For my part, I try to remember that a physician is little more than a temporary custodian, stewarding patients toward health with the relatively crude tools at our disposal. I recall that the great majority of factors affecting the outcome are beyond my control, and that I can no more influence them than a sailor can command the wind. I recall that I am only one thread in the vast causal chain of someone’s life and that their improved health may owe less to my own intelligence than I would like to think. The spirit of humility is captured in the words of Ambroise Paré, the 16th century French surgeon, who once remarked of a patient “Je le pansai, Dieu le guérit”—I bandaged him, God healed him.
How proud should we be of our accumulating degrees and credentials, which seem to be growing at a rate far outpacing the growth of our knowledge? In our focus on evidence, data, studies, and expertise, are patience, wisdom, and humility being forgotten? Might we be better off saying “I don’t know” and “I was wrong” more often? How much of what I think I know is merely the reflection of a comfortable consensus, some “standard of care”? Do I, perchance, ever engage in motivated reasoning? If I take time to examine how much I know—I mean really know—about medicine, I inevitably find my pretensions falling quite short.
Cultivating humility is difficult. I should know—I’ve been failing at it for more than thirty years. I suspect that what little progress I have made comes during those moments when I become aware that I need to slow down. Easier said than done if you’re a busy doctor, but then again who would be comforted knowing their doctor is doing a rushed job? As Rabbi Simcha Zissel Ziv says, “Take time, be exact, unclutter the mind.” In this respect, I understand the virtues of humility and patience as being intimately related. In slowing down, you can more easily restrain your domineering ego. You can focus on the people and things close to you and tune out the noise. You can take time to arrive at the truth or marshal up the courage to say you’re confused and need help. You can admit you were wrong and make amends. And you will be happier.

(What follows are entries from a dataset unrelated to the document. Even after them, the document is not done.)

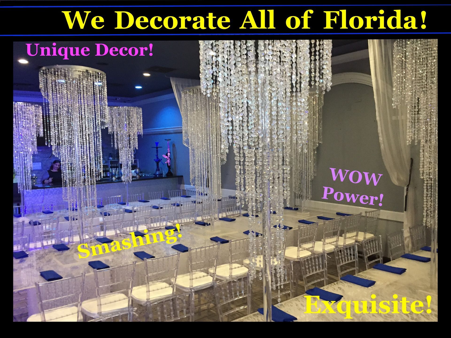 We decorate & rentals for Orlando. We deliver rentals to Kissimmee. We decorate Disney Hotels. We decorate Disney events & Conventions. We deliver to Lake Buena Vista. We deliver to Cocoa. We deliver to Cocoa Beach. We deliver to Melbourne. We deliver to Palm Bay. We deliver rentals to Palm Beach. We deliver to Palm Beach Gardens. We deliver to Delray Beach. We deliver to Vero Beach. We deliver to Daytona. We deliver to Palm Coast. We deliver to Jacksonville. We deliver to Gainesville. We deliver to Wildwood. We deliver to Leesburg. We deliver to Tavares. We deliver to Mount Dora. We deliver to Lake Mary. We deliver to Winter Springs. We deliver to Longwood. We deliver to Altamonte Springs. We deliver to Apopka. We deliver to Winter Garden. We deliver to Windermere. We deliver to Winter Garden. We deliver to Clermont. We deliver to Winter Park. We deliver to Lakeland. We deliver to Tampa. We deliver to St Petersburg. We deliver to Saint Petersburg, We deliver to Clearwater. We deliver to Saint Cloud. We deliver to Sarasota. We deliver to Port Charlotte. We deliver to Cape Coral. We deliver to Fort Meyers. We deliver to Naples. We deliver to Central Florida. We deliver to South Florida. We deliver to all of Florida.
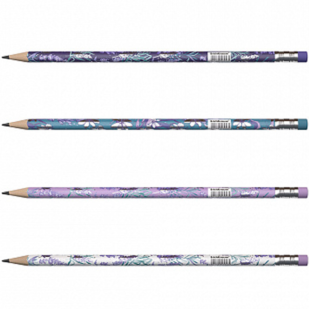 Карандаш оснащен ластиком, который надежно крепится металлическим держателем.
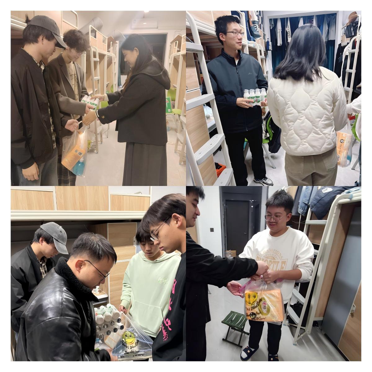 本次活动开始,我院学工干部首先向各学生宿舍送去了洗洁精、洗衣液、晾衣架等慰问品,并向同学们详细介绍了冬季常见传染病的传播途径、症状识别,耐心地向同学们讲解了冬季传染病的预防要点,如勤洗手、多通风、保持个人卫生,在出现发热、咳嗽等症状时应及时就医等。此外,学院全体学工干部同时对学生宿舍内的电器使用情况进行了检查,对个别宿舍电子产品使用不规范、物品归整不合理进行了整改,对插线板的正确摆放、线路的合理规划以及禁止在宿舍内吸烟和使用大功率电器进行了正向引导,对发现可能存在的安全隐患和风险,及时进行处理和化解。
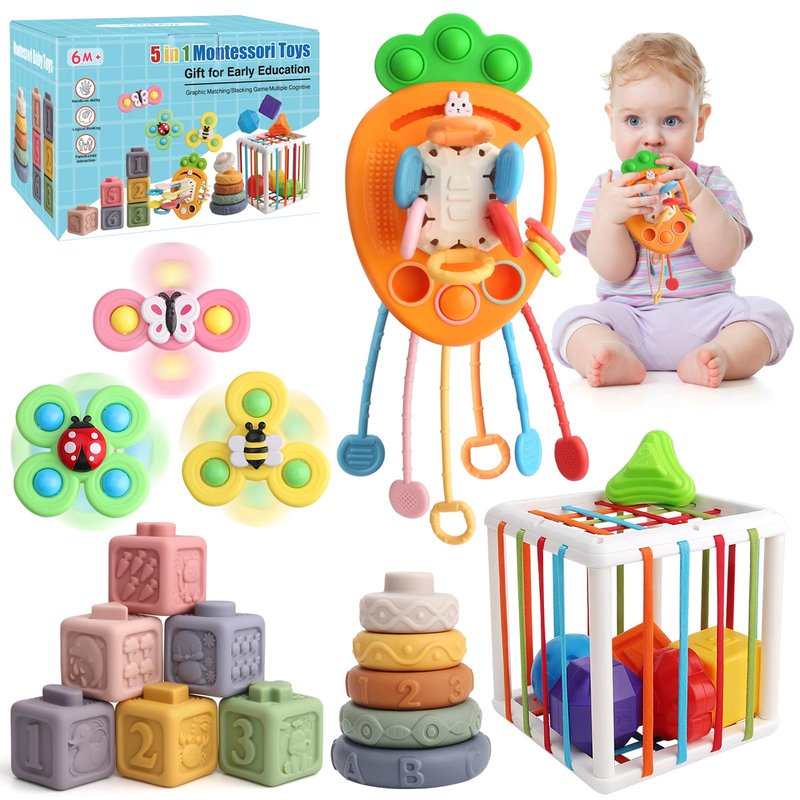 - 5 In 1 Montenssori Toy Set - Full Set High quality Montessori baby toys total including 6x Building blocks, 5x Stacking rings, 3x Suction cup spinners, 1x Cube bin, 6x Shape sorters, 1x pulling string. Keep your baby occupied and fully meets your toddlers' montessori learning exploration and enjoyment.
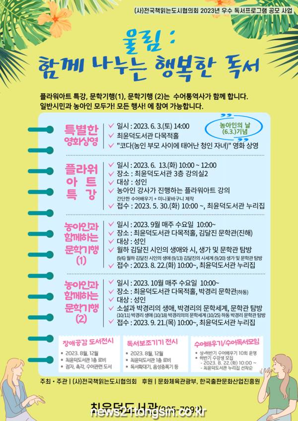 6월에는 ▲농아인의 날(6월 3일) 기념 영화상영과 ▲농아인이 진행하는 플라워아트 특강(6월 13일)이 진행되며, 플라워아트 특강은 최윤덕도서관 누리집에서 5월 30일(화) 10시부터 선착순 수강 신청을 받는다.
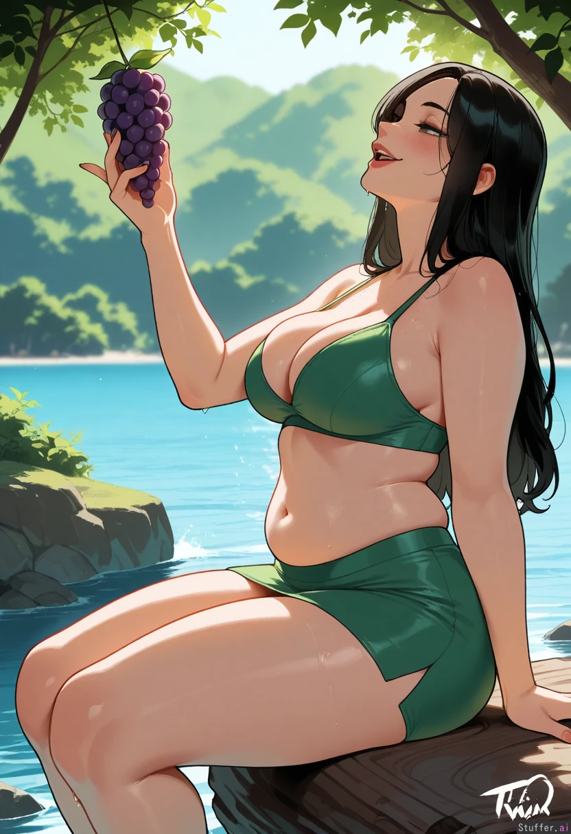 High quality, 4k, masterpiece, flawless, motion lines, side view, perfect shading, Nyantcha(artist), KAMII MOMORU(artist), Adult woman, Cute sweet look, Flawless beauty, Freckles, Long black hair, Wet hair, Calm, Flirty naughty smile, Slim chest, Slim waist, Overweight belly, Thick thighs, Swim skirt, Green bikini top, Island, sea view, tropical forest, mountains, Sitting down on a fallen tree trunk, Head thrown back, Holding grapes above her open mouth
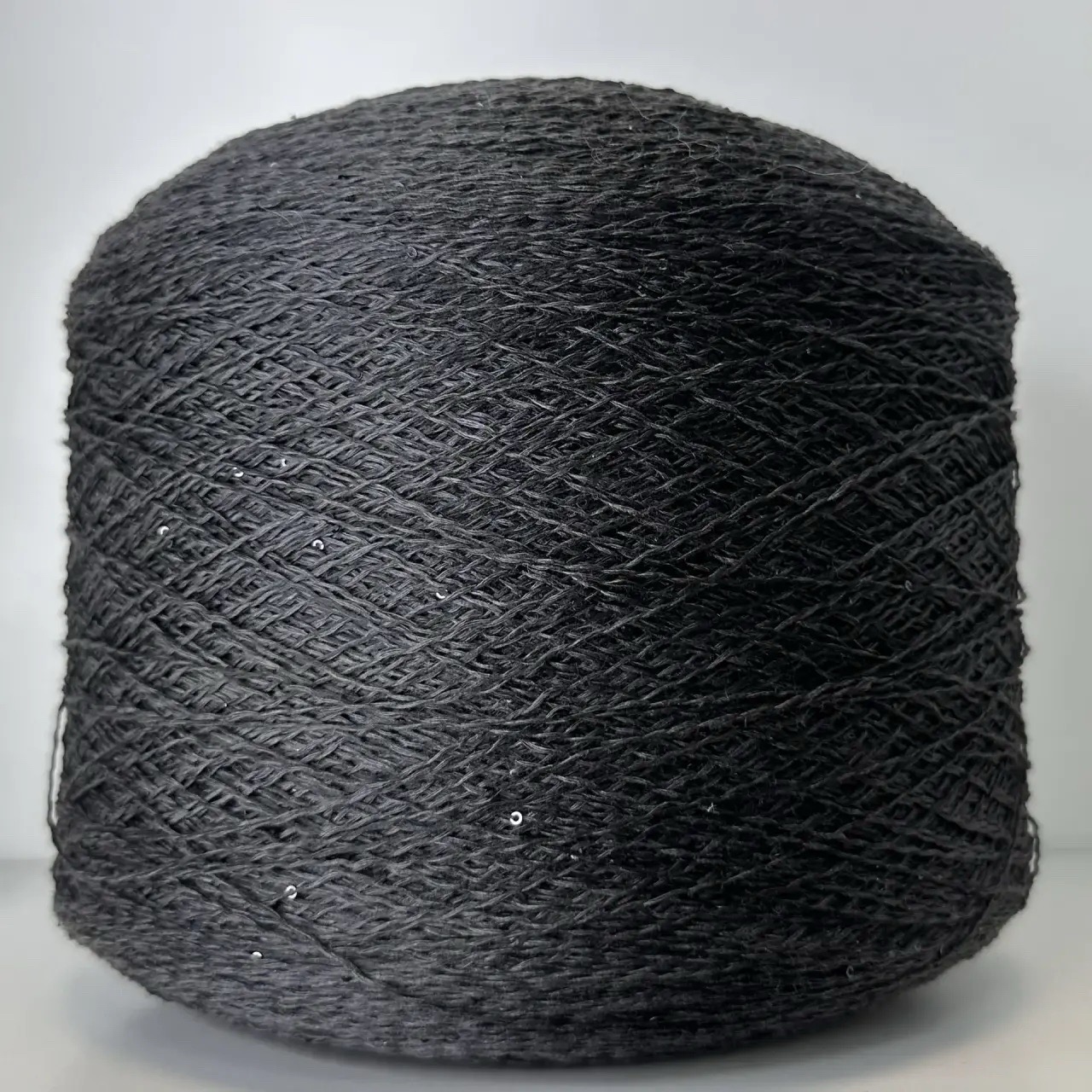 LINETTE PAILLETES - 80% лен, 20% п/а, микропайетки 2мм, ; 450м/100гр; цвет: тёмный графит, пайетки чёрные глянцевые

It is an absolute perfection and virtually divine to know how to enjoy our being rightfully. We seek other conditions because we do not understand the use of our own, and go outside of ourselves because we do not know what it is like inside. Yet there is no use in our mounting on stilts, for on stilts we must still walk on our own legs. And on the loftiest throne in the world we are still sitting only on our own rump.
- Michel de Montaigne, Essais, Book III ch. 13, Of Experience
Martin Greenwald, M.D.
Dr. Greenwald is a psychiatrist practicing in the midwestern United States.
 “It is only shallow people who do not judge by appearances.” - Oscar Wilde
 There are many similar varieties, including the latin “medicus curat, natura sanat”—the doctor cares [for the patient], nature heals.
 Perhaps this is just a reflection of my lacking in both.